# How are Band Saws measured???



## mcdonelldj (Apr 14, 2010)

I broke down and bought a planer and jointer last week (both Porter Cable) and I was considering getting a band saw for resawing. I looked at a 9" band saw but the space the a piece of lumber could be cut was about 2 or 3 inches. 

So how do they come up with the size of the band saws? 

What size is a good size for resawing?

Thanks for the help.

Dave


----------



## jmg1017 (Apr 9, 2009)

The bandsaw size refers to the throat capacity. That is the distance to the left of the blade viewed while standing at the saw. As for resawing capacity you'll have to check the manufacturers specs for that. They vary greatly. A typical 14" bandsaw will give you in the neighborhood of 6-7" resaw capacity.


----------



## mcdonelldj (Apr 14, 2010)

jmg1017 said:


> The bandsaw size refers to the throat capacity. That is the distance to the left of the blade viewed while standing at the saw. As for resawing capacity you'll have to check the manufacturers specs for that. They vary greatly. A typical 14" bandsaw will give you in the neighborhood of 6-7" resaw capacity.


That makes more sense as far as the measurement goes. Any recommendations on a good band saw with 6-8 inch resaw capacity?


----------



## jmg1017 (Apr 9, 2009)

Grizzly sells a full line of bandsaws and the pricing can't be beat

Grizzly.com® -- Machine Specifications

A lot of folks swear by their tools. Just select one and click on the specifications tab for all the specs.

The resawing spec is listed under "maximum cutting height"


----------



## TwoSkies57 (Feb 23, 2009)

Dave...

Griz, delta, Laguna all make good 14" Bandsaws. Price ranges go from around 900 to 1500 and higher. the Sears craftsman 14" pro isn't a bad unit for the money actually. the Grizz seems to be very very popular and the price point is fair enough. If you plan on doing ALOT of re-sawing, save a few extra bucks up and get yourself a 16", if only for the additional capacity it officer. Nice thing about the bigger saws is that there are more choices in blades. The bigger the saw, the thicker the blade, the thicker the blade, the better the blade can track through the wood. Most (not all) 14" saws will have drift issues. the bigger you go, the less likely you are to have problems. take a look at the guides before you buy. Make sure you can upgrade to premium guides. I can't with my saw and kick myself in the butt everytime to go to resaw.


----------



## BearLeeAlive (Mar 22, 2010)

Just to clarify Dave, a bandsaw size is dictated by the size of the wheels, not the size of the throat. The throat is usually an inch or so smaller.

I have only had my Laguna LT14 SUV (Souped Up Version, no kidding ) for about 6 weeks, and I am really impressed.
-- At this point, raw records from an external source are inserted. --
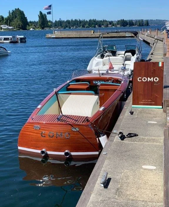 Bruce went to work finding an appropriate boat to meet their needs for the venture. Como, the restaurant, is located next to the luxurious Wood Mark Hotel at Carillon Point on Lake Washington. Their initial choice was to acquire a Riva. The boat had to have an Italian flair, have an open cockpit to seat a minimum of six guests and allow them to serve wine/appies on route to the restaurant. This venture also had to be accomplished within a certain tight budget. In researching Riva’s they come in a variety of formats. The Junior, Olympic and Florida are meant for use as a launch or tender. The Aristan, Tritone and the Aquarama are Cockpit runabouts. Although a Riva would have been a suitable match for the Italian restaurant their budget and availability meant we couldn’t make a Riva work for them.
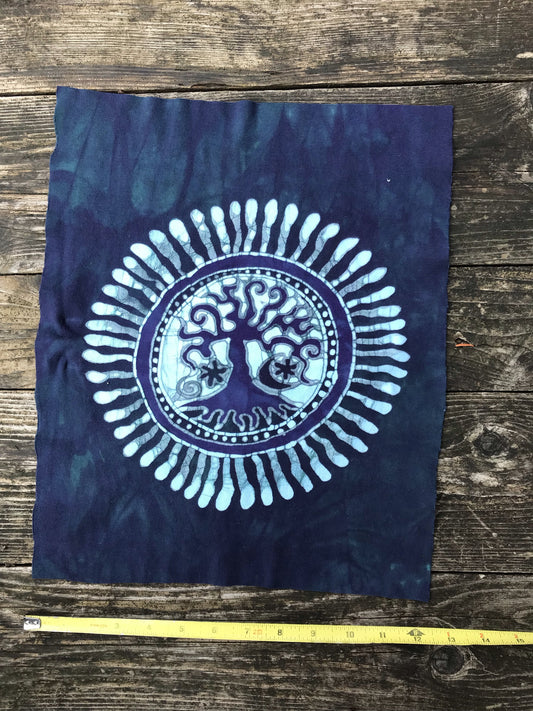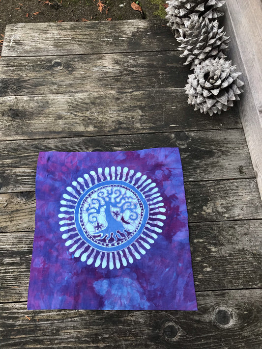 Hand Painted Batik Fabric Square - Tree of Life in Teal and Purple
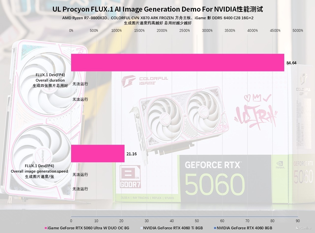 实测前代的两张60级别显卡因为显存不足,无法完成测试任务。而同样是8GB显存的iGame GeForce RTX 5060 Ultra W DUO OC 8GB凭借FP4精度模型的支持,能够顺利跑完测试,生成一张图片的用时为21.16秒,表现还不错。

The 3hp motor, combined with a good quality Resaw King blade, cuts through a 13" thick piece of yellow birch quite fast. LINK


----------



## TwoSkies57 (Feb 23, 2009)

now that sounds like a sweet setup!!!!!! 3hp? that's a biggie for driving through wide hardwoods. 

Hmmmmmmmmm says I.

wonder if the wife wouldn't mind going to porchville for vacation this year?


----------



## AxlMyk (Jun 13, 2006)

You can take a 14" saw (Delta, Jet, etc), put a riser and a 105" blade on it, and resaw up to 12" stock.


----------



## allthunbs (Jun 22, 2008)

mcdonelldj said:


> I broke down and bought a planer and jointer last week (both Porter Cable) and I was considering getting a band saw for resawing. I looked at a 9" band saw but the space the a piece of lumber could be cut was about 2 or 3 inches.
> 
> So how do they come up with the size of the band saws?
> 
> ...


Hi Dave:

Ok, like Jim noted above, the size is stated as the size of the wheels, sort of. I have a 14" bandsaw with the BusyBee label on it. It is a copy of an older Delta bandsaw. The same frame, bearings, everything can hold a 15" wheel. This generic bandsaw comes in a wide variety of configurations and is generally referred to as "the import." 

However, the size of the bandsaw wheel has nothing to do with the resaw capability. That is controlled by the distance between the upper blade guides and the table. Natively, mine has a 6" resaw capability. To increase this, the neck can be separated (there is one huge bolt in the neck) and another piece stuck in place, called a riser. I have seen these risers 4" and 6". My import has a 6" riser. This allows me to resaw "about" 11+ inches. All of the 14" & 15" bandsaws have the same rounded look. They're all manufactured by the same company in Taiwan.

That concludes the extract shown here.